Set multiple at once (avoids multiple restarts):

fly secrets set \
  OPENAI_API_KEY=sk-... \
  DATABASE_URL=postgres://... \
  STRIPE_KEY=sk_test_...

For dev:

# Import from .env file:
fly secrets import < .env

To list (names only, values hidden):

fly secrets list

To remove:

fly secrets unset OPENAI_API_KEY

Pro Tip: Use a separate Fly app per environment (my-app-dev, my-app-prod). Secrets are per-app — no risk of accidentally pushing prod secrets to dev.

Fix 6: Local Access via fly proxy

For databases and internal services that aren’t HTTP-exposed:

# Connect to your Fly Postgres locally:
fly proxy 5432:5432 -a my-postgres-app

# Now psql can connect:
psql postgres://user:pass@localhost:5432/dbname

fly proxy opens a tunnel from your laptop through Fly’s edge to the internal service. Useful for one-off psql, redis-cli, mongosh sessions.

For Redis:

fly proxy 6379:6379 -a my-redis-app
redis-cli -h localhost -p 6379

For SSH into a running machine:

fly ssh console
# Or specific machine:
fly ssh console --machine <machine-id>

Common Mistake: Trying to connect to <app>.fly.dev:5432. Fly’s external HTTPS endpoint only proxies HTTP. For TCP services, use fly proxy or attach a public IPv4/IPv6 with proper port config.

Fix 7: Internal IPv6 Networking

Fly’s internal network is IPv6-only by default. App-to-app calls use .internal DNS:

# From app A, calling app B:
import httpx
response = httpx.get("http://my-app-b.internal:8080/api/health")

<app-name>.internal resolves to the IPv6 address of the closest healthy machine in the org’s private network.

For region-specific routing:

# Hit a machine in a specific region:
"http://nrt.my-app-b.internal:8080"

# Hit all machines:
"http://global.my-app-b.internal:8080"  # Load-balanced

Common Mistake: Trying to call my-app-b.fly.dev from inside another Fly app. That round-trips through the public edge — slow and wastes bandwidth. Use .internal for app-to-app.
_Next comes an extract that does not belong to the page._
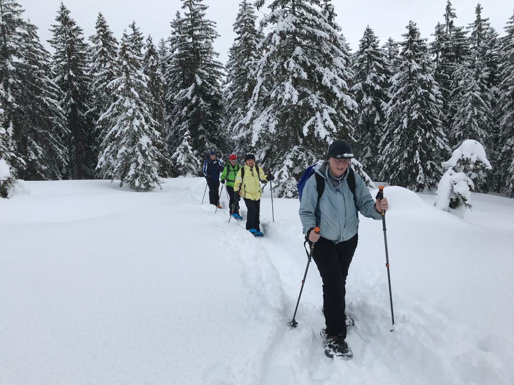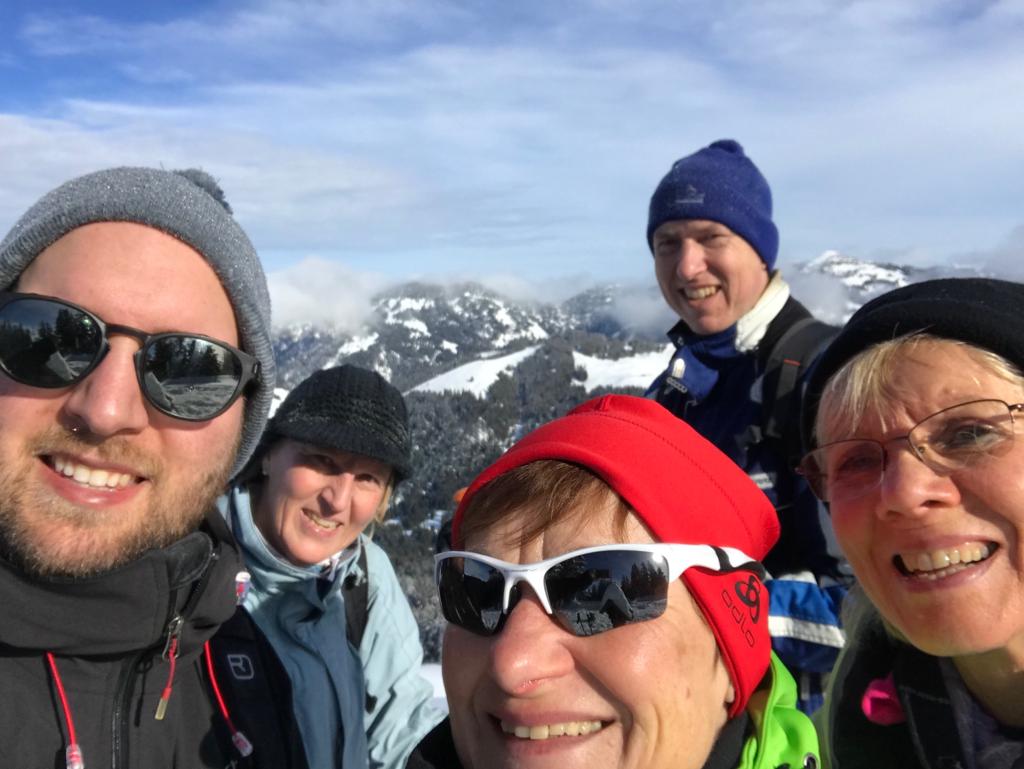 Doch nicht nur Ski- und Snowboard fahren war angesagt, eine Gruppe Schneeschuhwanderer mit fünf Personen wanderte über 550 Höhenmeter von Balderschwang über die Burstalpe auf den Burstkopf. Pünktlich zum Anstieg auf den letzten Metern des Gipfels zeigte sich die Sonne und verwöhnte die Schneesportler mit einem traumhaften Bergpanorama. Frisch gestärkt ging es auf den Rückweg der 8,2 km langen Schneeschuhwanderung, so dass alle Sportler wieder gegen 15.45 Uhr am Bus eintrafen.

For Postgres connections inside the org:

postgres://user:[email protected]:5432/dbname

Fix 8: Scale and Auto-Stop

auto_stop_machines = "stop" stops idle machines to save money:

[http_service]
  auto_stop_machines = "stop"   # or "off" to never stop
  auto_start_machines = true     # Start on incoming traffic
  min_machines_running = 0       # Number to keep always running

A stopped machine has zero cost but a ~1-2s cold start when a request arrives. For latency-sensitive apps, set min_machines_running = 1.

Scale manually:

fly scale count 3                  # 3 machines total
fly scale count 1 --region nrt     # 1 machine in Tokyo
fly scale count 2 --region nrt --region iad  # 2 each in nrt and iad
fly scale vm shared-cpu-2x --memory 1024  # Resize VMs

Scale by region:

fly scale count 2 --region nrt
fly scale count 1 --region iad
fly scale count 1 --region fra

Pro Tip: Use fly logs --region nrt to filter logs per region when debugging multi-region issues.
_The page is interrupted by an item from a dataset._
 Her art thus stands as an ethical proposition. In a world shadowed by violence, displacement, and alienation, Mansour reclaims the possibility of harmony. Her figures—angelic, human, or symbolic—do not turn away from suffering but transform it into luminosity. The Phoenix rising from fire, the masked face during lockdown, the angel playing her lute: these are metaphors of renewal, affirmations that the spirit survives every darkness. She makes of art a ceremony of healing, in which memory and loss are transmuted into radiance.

Fly.io vs Railway vs Render vs Heroku vs Cloud Run vs Vercel: Picking the Right PaaS

Fly.io shares a category with Railway, Render, Heroku, Google Cloud Run, and Vercel, but each makes very different trade-offs. Knowing which one you’d actually want often turns a “Fly deploy not working” bug into a “this app shouldn’t be on Fly” decision.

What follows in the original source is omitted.